Cyp2c69 Inhibitors

CYP2C69, a member of the cytochrome P450 enzyme family, exhibits diverse functions, including caffeine oxidase, heme binding, and monooxygenase activities. Predicted involvement in the epoxygenase P450 pathway and xenobiotic metabolic processes emphasizes its role in cellular homeostasis. Orthologous to CYP2C19 and CYP2C9, CYP2C69 is implicated in diseases such as Plasmodium falciparum malaria, eosinophilic esophagitis, glucose metabolism disease, invasive aspergillosis, and multiple chemical sensitivity. The search for inhibitors of CYP2C69 reveals a set of chemicals that may directly or indirectly modulate its activities. Ketoconazole and fluconazole act as direct inhibitors by interfering with monooxygenase activity, hindering the enzyme's participation in caffeine oxidase pathways. Disulfiram, an alcohol deterrent, indirectly inhibits CYP2C69 by impacting caffeine oxidase activity and disrupting intracellular membrane-bounded organelle functions, influencing the enzyme's predicted involvement in heme binding processes.

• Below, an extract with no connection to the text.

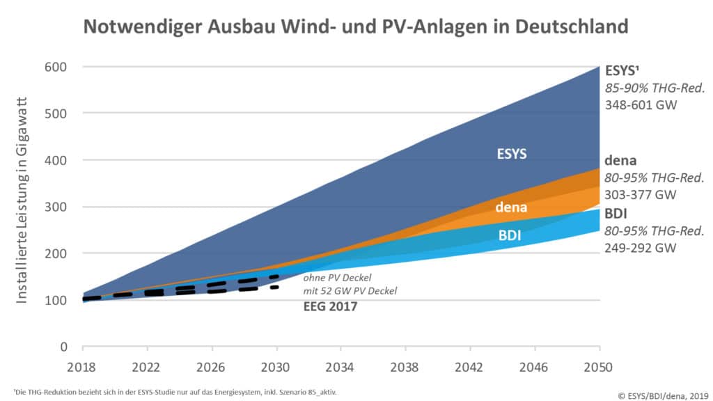 So fordern Akademien, BDI und Dena, den jährlichen Nettozubau der erneuerbaren Energien auf mindestens sechs Gigawatt zu steigern. Wie stark der Zubau konkret sein muss, um die Treibhausgas-Emissionen bis 2050 um 80 bis 95 Prozent zu reduzieren – darin unterscheiden sich Grundsatzstudien allerdings. ESYS fordert bis 2050 (für eine Reduktion um 85 bis 90 Prozent) 348 bis 601 Gigawatt, Dena 303 bis 377 Gigawatt, BDI 249 bis 292 Gigawatt. Heute sind rund 120 Gigawatt installiert. Nimmt man zum Beispiel einen nötigen Zubau auf 350 Gigawatt an, müssen jährlich fast elf Gigawatt Leistung dazu kommen.

Cimetidine, ranitidine, and econazole, H2 receptor antagonists and an antifungal agent, respectively, either directly or indirectly inhibit CYP2C69 by modulating monooxygenase activity, influencing the enzyme's predicted participation in caffeine oxidase and heme binding pathways. Enoxacin, a fluoroquinolone antibiotic, directly affects caffeine oxidase activity, altering endoplasmic reticulum dynamics and hindering the enzyme's predicted participation in heme binding processes. Phenylbutazone and trimethoprim act as direct inhibitors by affecting monooxygenase and caffeine oxidase activities, respectively, modifying intracellular membrane dynamics and impacting the enzyme's predicted involvement in heme binding processes. Voriconazole and miconazole, antifungal drugs, either directly or indirectly inhibit CYP2C69 by interfering with monooxygenase activity, affecting the enzyme's participation in caffeine oxidase pathways. Understanding the role of CYP2C69 inhibitors provides valuable insights into the intricate functions of this enzyme and its involvement in cellular processes, contributing to the broader understanding of its implications in health and disease. Further research into these chemicals and their interactions with CYP2C69 offers avenues for interventions and advancements in our understanding of cellular metabolism.